[What to produce]: With pictures left out, set down exactly the lines from the line containing "Состав: сахар, заменитель" through the last line of the data.

*-*-*

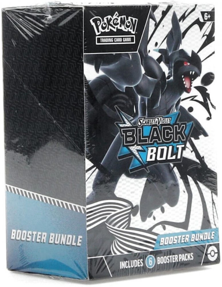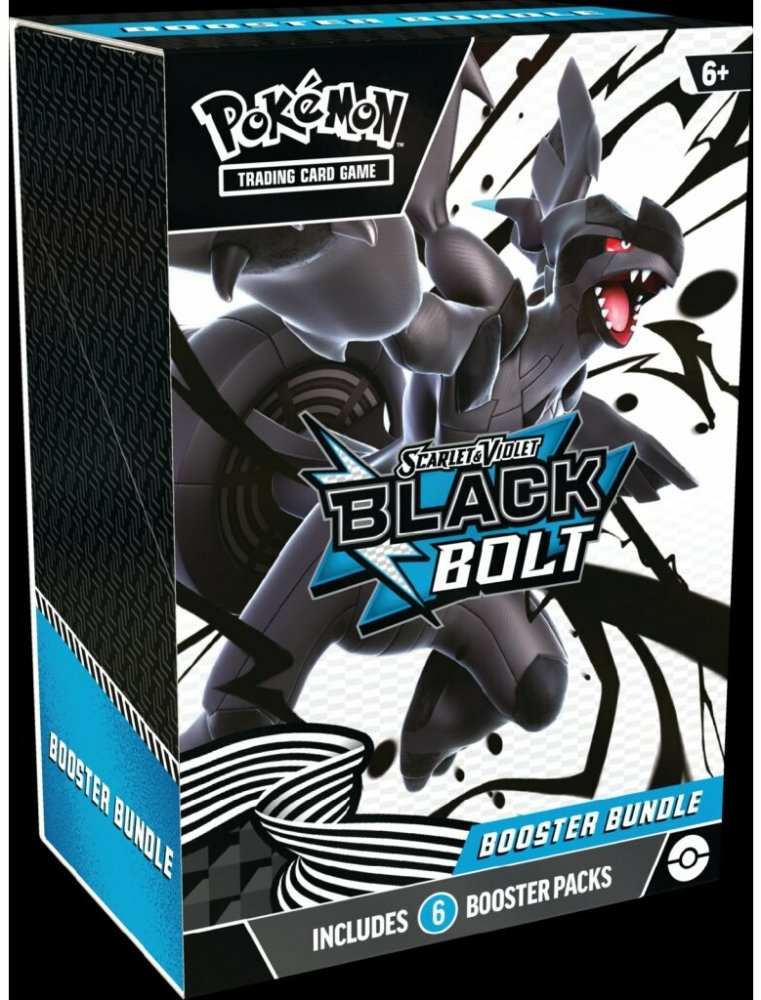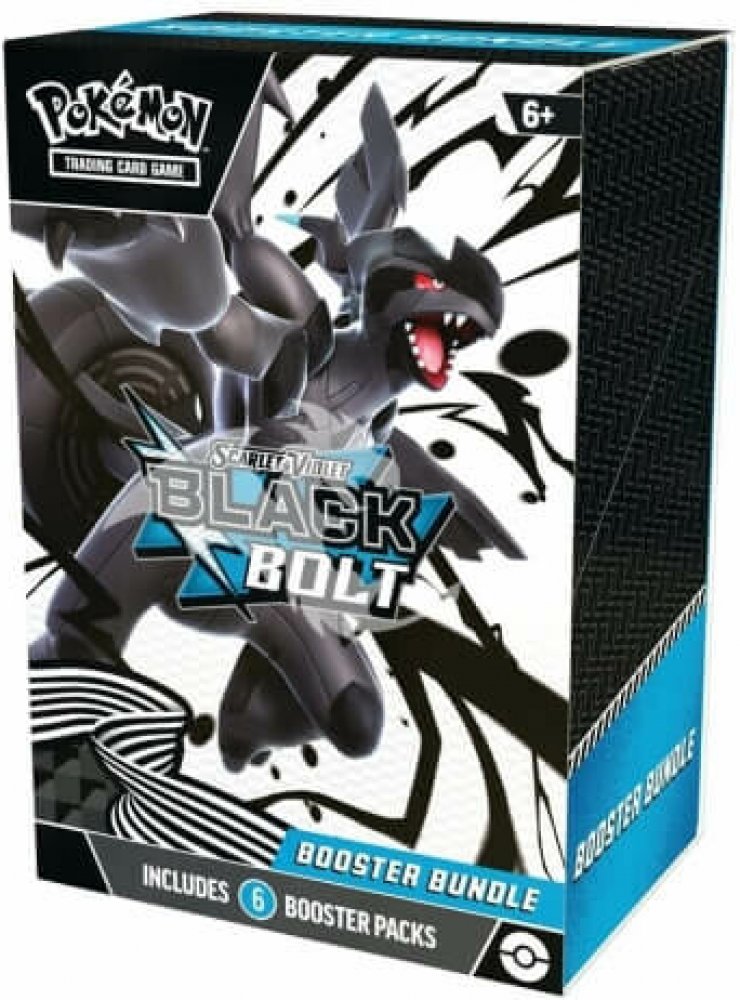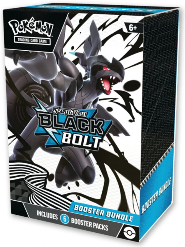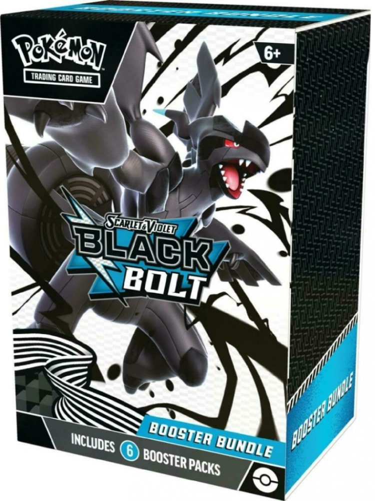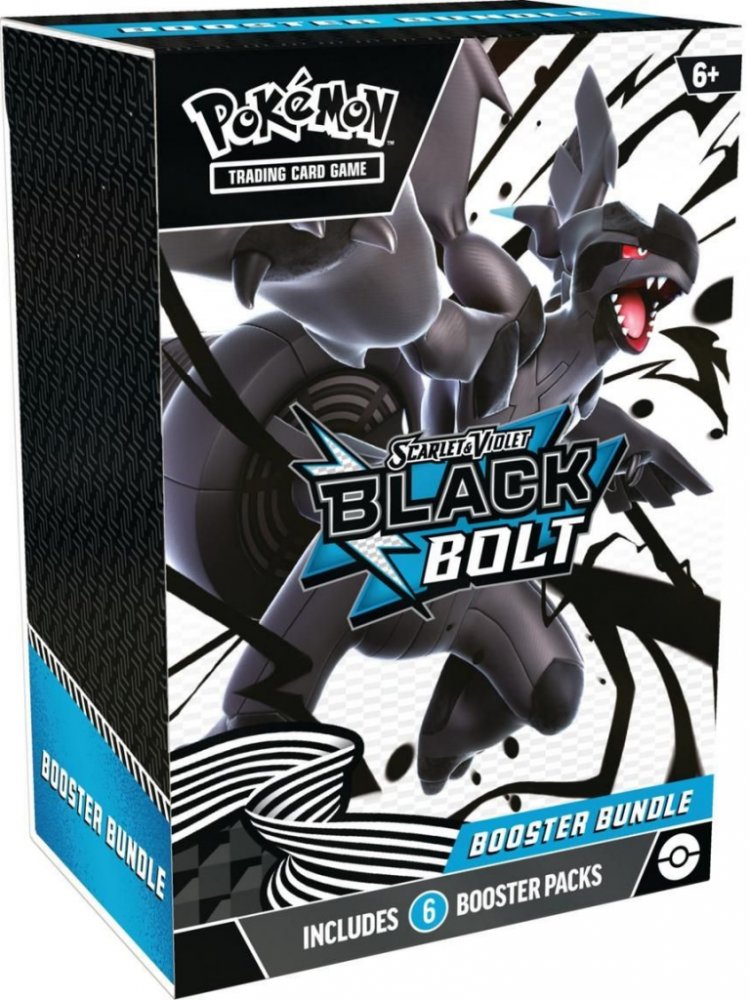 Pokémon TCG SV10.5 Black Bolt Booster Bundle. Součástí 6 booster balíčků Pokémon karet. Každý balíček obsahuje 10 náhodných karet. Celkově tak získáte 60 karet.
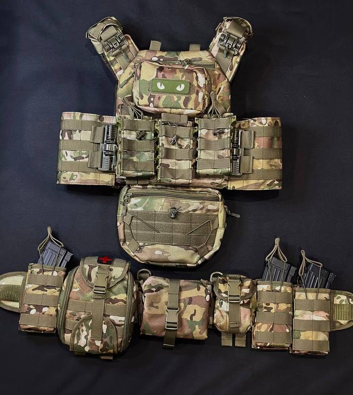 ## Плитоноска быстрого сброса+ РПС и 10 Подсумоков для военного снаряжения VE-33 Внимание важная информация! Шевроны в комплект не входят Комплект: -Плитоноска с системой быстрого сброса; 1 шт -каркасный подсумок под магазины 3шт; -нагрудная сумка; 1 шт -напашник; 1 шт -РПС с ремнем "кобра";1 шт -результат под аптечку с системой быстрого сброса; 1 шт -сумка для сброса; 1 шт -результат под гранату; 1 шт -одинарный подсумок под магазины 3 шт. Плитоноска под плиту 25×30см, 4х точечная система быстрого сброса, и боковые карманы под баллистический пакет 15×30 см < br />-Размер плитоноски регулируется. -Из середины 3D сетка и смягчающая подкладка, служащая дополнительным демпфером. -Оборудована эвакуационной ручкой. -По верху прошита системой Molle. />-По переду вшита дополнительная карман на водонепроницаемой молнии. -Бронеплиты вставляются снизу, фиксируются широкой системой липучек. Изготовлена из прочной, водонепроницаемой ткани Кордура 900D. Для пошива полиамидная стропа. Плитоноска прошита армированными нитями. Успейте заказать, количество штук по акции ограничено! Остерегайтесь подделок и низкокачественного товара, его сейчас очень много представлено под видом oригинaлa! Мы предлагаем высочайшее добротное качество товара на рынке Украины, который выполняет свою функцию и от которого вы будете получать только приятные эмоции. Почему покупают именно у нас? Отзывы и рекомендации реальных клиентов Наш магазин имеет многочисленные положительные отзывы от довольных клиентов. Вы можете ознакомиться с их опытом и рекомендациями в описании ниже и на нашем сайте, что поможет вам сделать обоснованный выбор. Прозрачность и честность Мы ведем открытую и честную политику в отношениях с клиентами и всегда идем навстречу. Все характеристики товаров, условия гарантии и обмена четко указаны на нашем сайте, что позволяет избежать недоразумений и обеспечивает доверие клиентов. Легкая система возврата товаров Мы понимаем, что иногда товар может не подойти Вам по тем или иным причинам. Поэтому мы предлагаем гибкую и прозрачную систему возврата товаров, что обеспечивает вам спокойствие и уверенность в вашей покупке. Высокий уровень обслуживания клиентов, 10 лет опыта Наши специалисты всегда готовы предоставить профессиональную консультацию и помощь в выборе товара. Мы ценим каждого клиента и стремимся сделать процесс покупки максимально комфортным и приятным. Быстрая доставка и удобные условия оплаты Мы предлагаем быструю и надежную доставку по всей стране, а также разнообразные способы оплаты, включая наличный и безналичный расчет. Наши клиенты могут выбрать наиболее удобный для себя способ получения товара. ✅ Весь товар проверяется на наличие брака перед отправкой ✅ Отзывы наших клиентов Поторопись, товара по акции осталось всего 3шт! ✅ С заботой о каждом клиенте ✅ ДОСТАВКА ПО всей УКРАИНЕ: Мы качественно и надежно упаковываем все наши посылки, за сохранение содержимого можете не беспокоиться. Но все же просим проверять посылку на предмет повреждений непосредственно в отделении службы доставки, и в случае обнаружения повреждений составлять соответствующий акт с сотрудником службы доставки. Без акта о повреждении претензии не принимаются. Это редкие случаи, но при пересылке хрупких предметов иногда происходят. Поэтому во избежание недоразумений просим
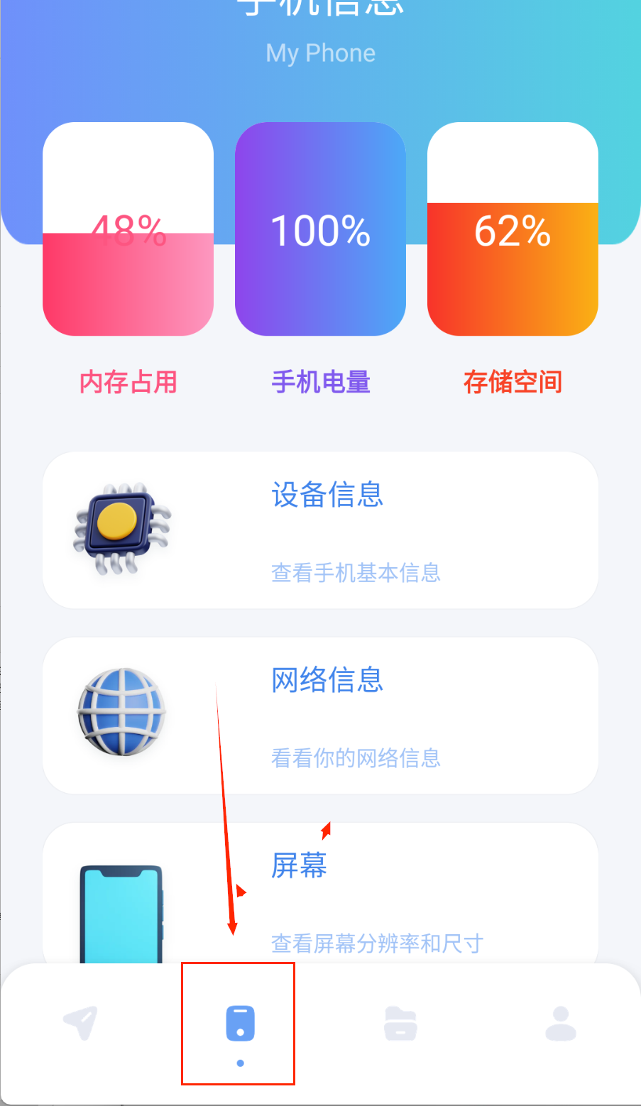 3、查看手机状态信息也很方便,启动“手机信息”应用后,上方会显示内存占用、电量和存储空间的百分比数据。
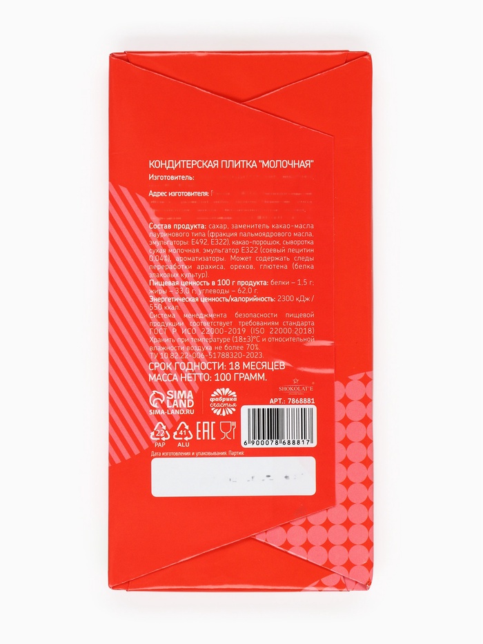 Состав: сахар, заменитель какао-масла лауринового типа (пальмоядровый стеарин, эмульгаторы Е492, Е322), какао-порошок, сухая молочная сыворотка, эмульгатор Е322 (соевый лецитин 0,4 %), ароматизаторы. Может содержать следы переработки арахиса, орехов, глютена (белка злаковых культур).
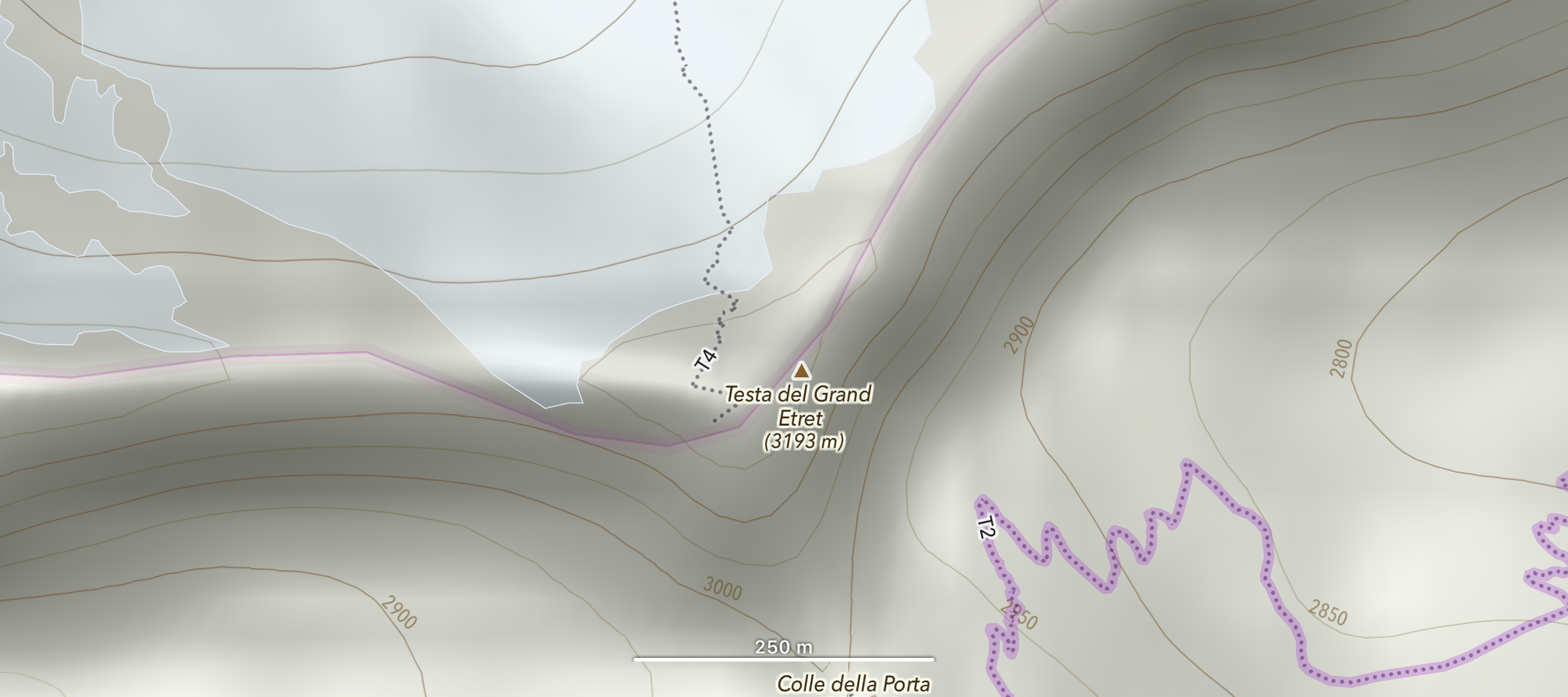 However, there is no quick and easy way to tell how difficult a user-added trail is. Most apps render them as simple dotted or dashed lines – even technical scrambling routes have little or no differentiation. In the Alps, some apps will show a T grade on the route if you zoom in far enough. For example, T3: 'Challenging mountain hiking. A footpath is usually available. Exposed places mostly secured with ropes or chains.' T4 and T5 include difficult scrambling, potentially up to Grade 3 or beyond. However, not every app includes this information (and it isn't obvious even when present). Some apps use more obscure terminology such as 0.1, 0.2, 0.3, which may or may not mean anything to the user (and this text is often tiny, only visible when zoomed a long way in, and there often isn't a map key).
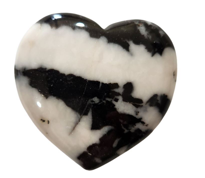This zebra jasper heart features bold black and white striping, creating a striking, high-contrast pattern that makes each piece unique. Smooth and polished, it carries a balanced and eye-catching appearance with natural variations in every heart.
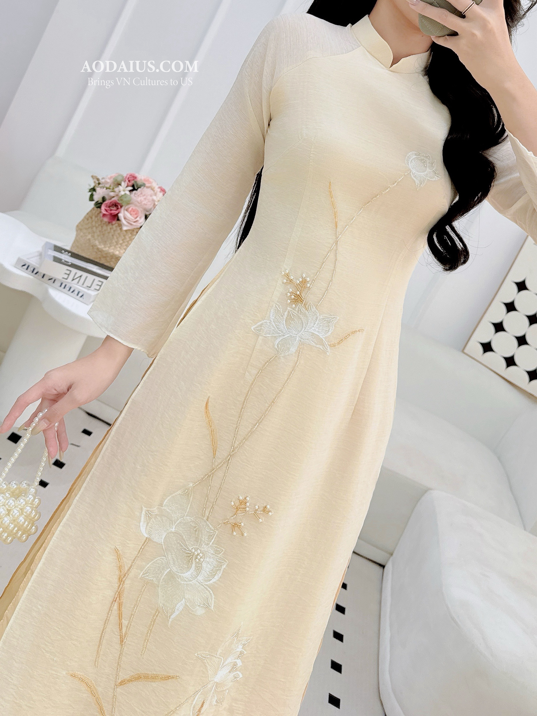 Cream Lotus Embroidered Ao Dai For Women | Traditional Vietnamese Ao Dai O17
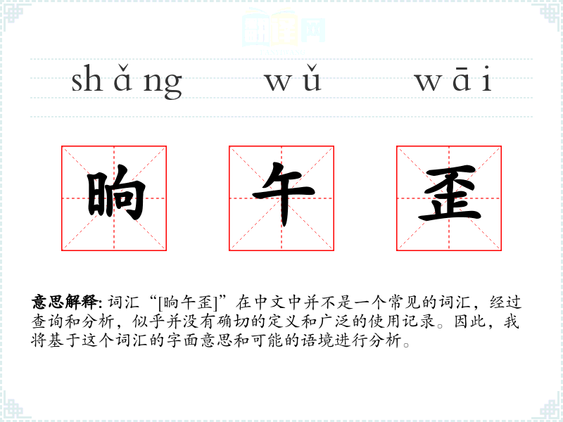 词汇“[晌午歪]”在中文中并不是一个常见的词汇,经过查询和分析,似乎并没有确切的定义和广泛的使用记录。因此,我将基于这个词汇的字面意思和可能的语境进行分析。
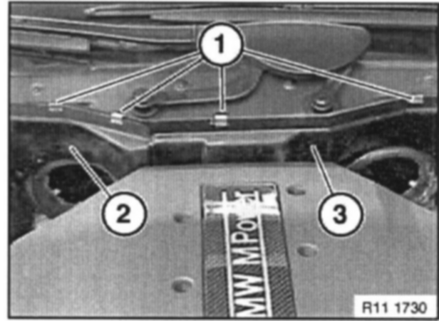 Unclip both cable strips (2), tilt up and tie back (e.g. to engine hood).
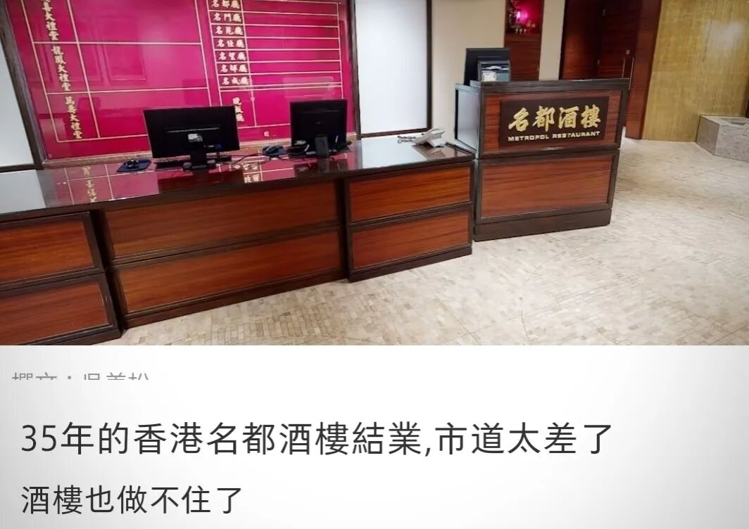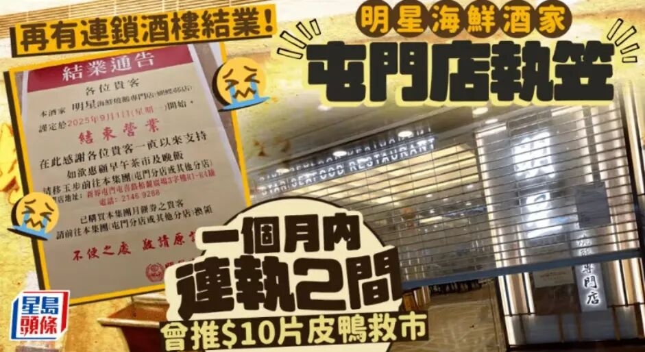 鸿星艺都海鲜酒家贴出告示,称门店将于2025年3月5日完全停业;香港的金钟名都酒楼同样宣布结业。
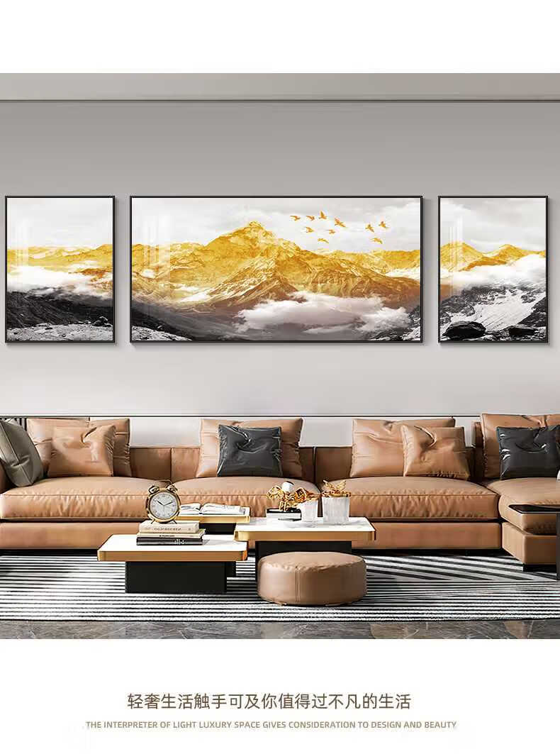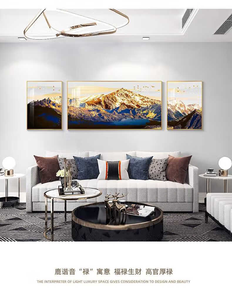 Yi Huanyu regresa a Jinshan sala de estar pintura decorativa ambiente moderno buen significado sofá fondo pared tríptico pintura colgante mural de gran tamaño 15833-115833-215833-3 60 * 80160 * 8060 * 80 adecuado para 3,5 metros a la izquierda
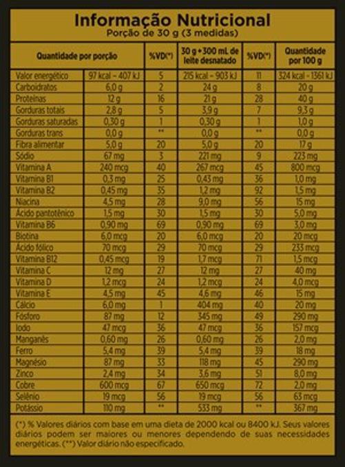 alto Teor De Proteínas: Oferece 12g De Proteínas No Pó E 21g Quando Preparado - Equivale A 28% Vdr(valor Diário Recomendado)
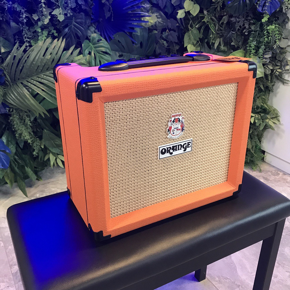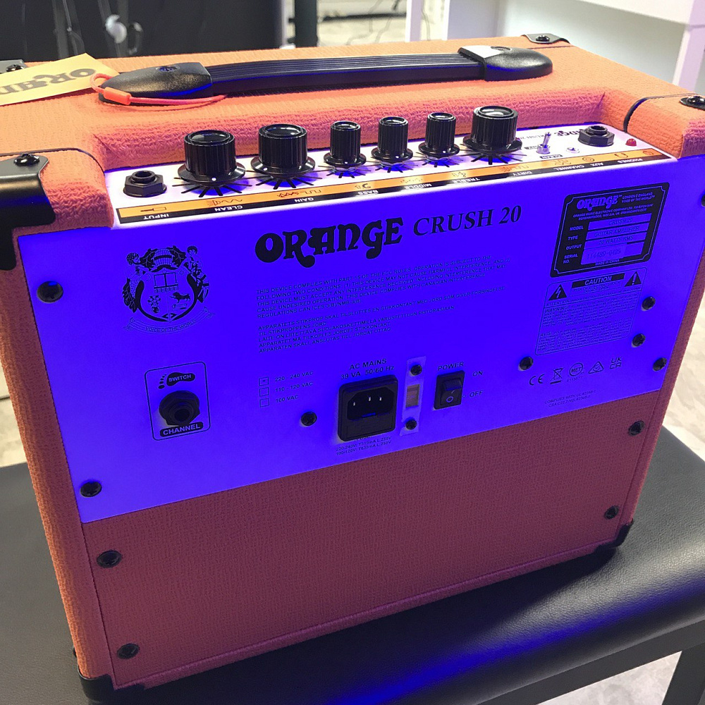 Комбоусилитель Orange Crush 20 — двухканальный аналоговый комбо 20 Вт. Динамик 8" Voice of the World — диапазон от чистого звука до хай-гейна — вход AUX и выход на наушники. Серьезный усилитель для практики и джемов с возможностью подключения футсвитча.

*-*-*

[Finished task]:
 Состав: сахар, заменитель какао-масла лауринового типа (пальмоядровый стеарин, эмульгаторы Е492, Е322), какао-порошок, сухая молочная сыворотка, эмульгатор Е322 (соевый лецитин 0,4 %), ароматизаторы. Может содержать следы переработки арахиса, орехов, глютена (белка злаковых культур).
 However, there is no quick and easy way to tell how difficult a user-added trail is. Most apps render them as simple dotted or dashed lines – even technical scrambling routes have little or no differentiation. In the Alps, some apps will show a T grade on the route if you zoom in far enough. For example, T3: 'Challenging mountain hiking. A footpath is usually available. Exposed places mostly secured with ropes or chains.' T4 and T5 include difficult scrambling, potentially up to Grade 3 or beyond. However, not every app includes this information (and it isn't obvious even when present). Some apps use more obscure terminology such as 0.1, 0.2, 0.3, which may or may not mean anything to the user (and this text is often tiny, only visible when zoomed a long way in, and there often isn't a map key).
This zebra jasper heart features bold black and white striping, creating a striking, high-contrast pattern that makes each piece unique. Smooth and polished, it carries a balanced and eye-catching appearance with natural variations in every heart.
 Cream Lotus Embroidered Ao Dai For Women | Traditional Vietnamese Ao Dai O17
 词汇“[晌午歪]”在中文中并不是一个常见的词汇,经过查询和分析,似乎并没有确切的定义和广泛的使用记录。因此,我将基于这个词汇的字面意思和可能的语境进行分析。
 Unclip both cable strips (2), tilt up and tie back (e.g. to engine hood).
 鸿星艺都海鲜酒家贴出告示,称门店将于2025年3月5日完全停业;香港的金钟名都酒楼同样宣布结业。
 Yi Huanyu regresa a Jinshan sala de estar pintura decorativa ambiente moderno buen significado sofá fondo pared tríptico pintura colgante mural de gran tamaño 15833-115833-215833-3 60 * 80160 * 8060 * 80 adecuado para 3,5 metros a la izquierda
 alto Teor De Proteínas: Oferece 12g De Proteínas No Pó E 21g Quando Preparado - Equivale A 28% Vdr(valor Diário Recomendado)
 Комбоусилитель Orange Crush 20 — двухканальный аналоговый комбо 20 Вт. Динамик 8" Voice of the World — диапазон от чистого звука до хай-гейна — вход AUX и выход на наушники. Серьезный усилитель для практики и джемов с возможностью подключения футсвитча.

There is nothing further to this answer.